**Activity**
Once the line with "Der Bericht der" is found in the entries below, print it and each following line exactly, stopping after the line with "Black Opaque Strappy"; print nothing else.

**Dataset extract**

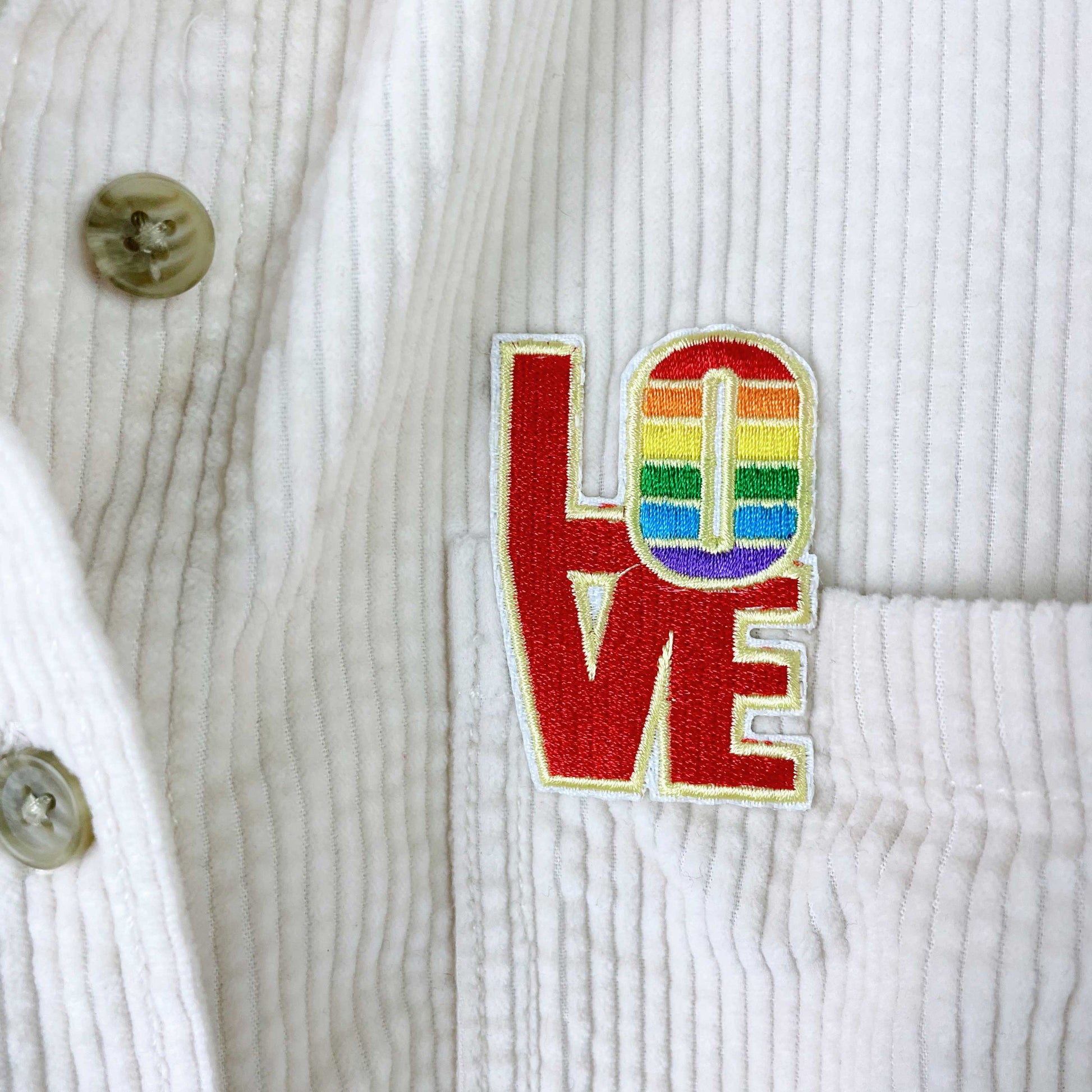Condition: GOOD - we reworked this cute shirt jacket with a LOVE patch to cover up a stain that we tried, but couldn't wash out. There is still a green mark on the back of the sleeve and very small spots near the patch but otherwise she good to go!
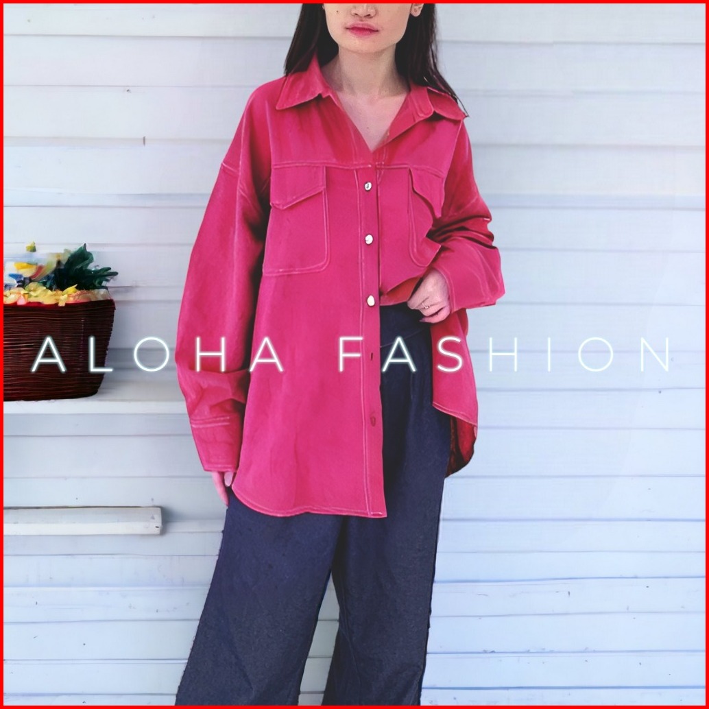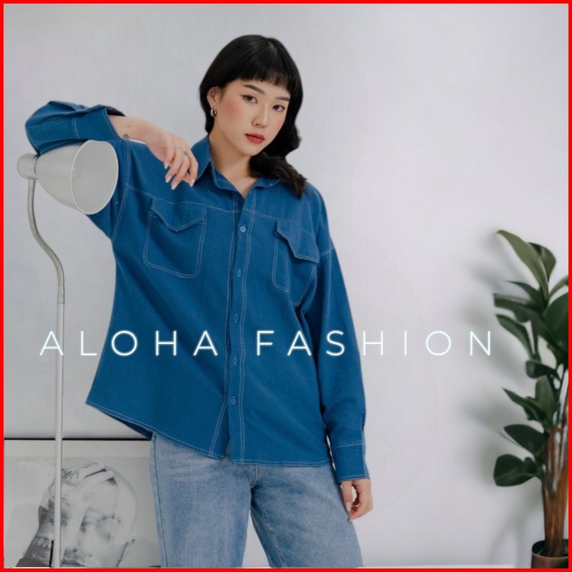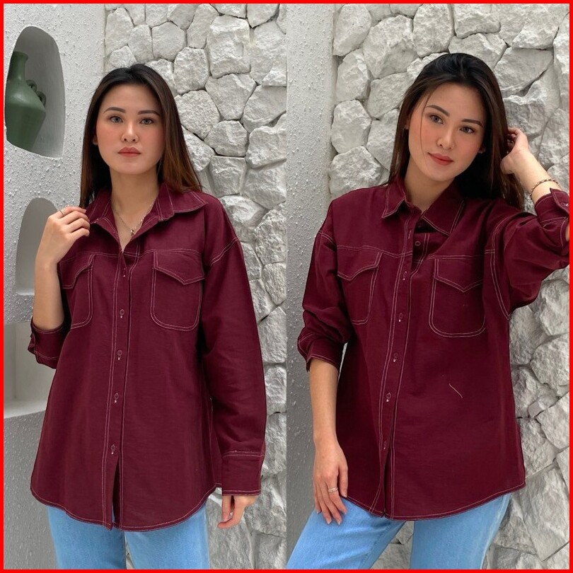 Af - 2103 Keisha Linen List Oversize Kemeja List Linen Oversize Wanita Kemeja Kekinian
* * *
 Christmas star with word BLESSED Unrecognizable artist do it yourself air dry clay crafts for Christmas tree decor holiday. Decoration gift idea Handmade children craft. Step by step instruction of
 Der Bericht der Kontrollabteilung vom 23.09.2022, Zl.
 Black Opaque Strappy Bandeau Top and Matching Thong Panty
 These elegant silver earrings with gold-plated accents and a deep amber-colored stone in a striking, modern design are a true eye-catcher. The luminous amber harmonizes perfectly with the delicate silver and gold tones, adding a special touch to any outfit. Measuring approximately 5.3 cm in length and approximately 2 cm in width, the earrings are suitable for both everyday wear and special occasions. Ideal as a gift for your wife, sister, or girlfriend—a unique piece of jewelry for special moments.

**Written reply**
 Der Bericht der Kontrollabteilung vom 23.09.2022, Zl.
 Black Opaque Strappy Bandeau Top and Matching Thong Panty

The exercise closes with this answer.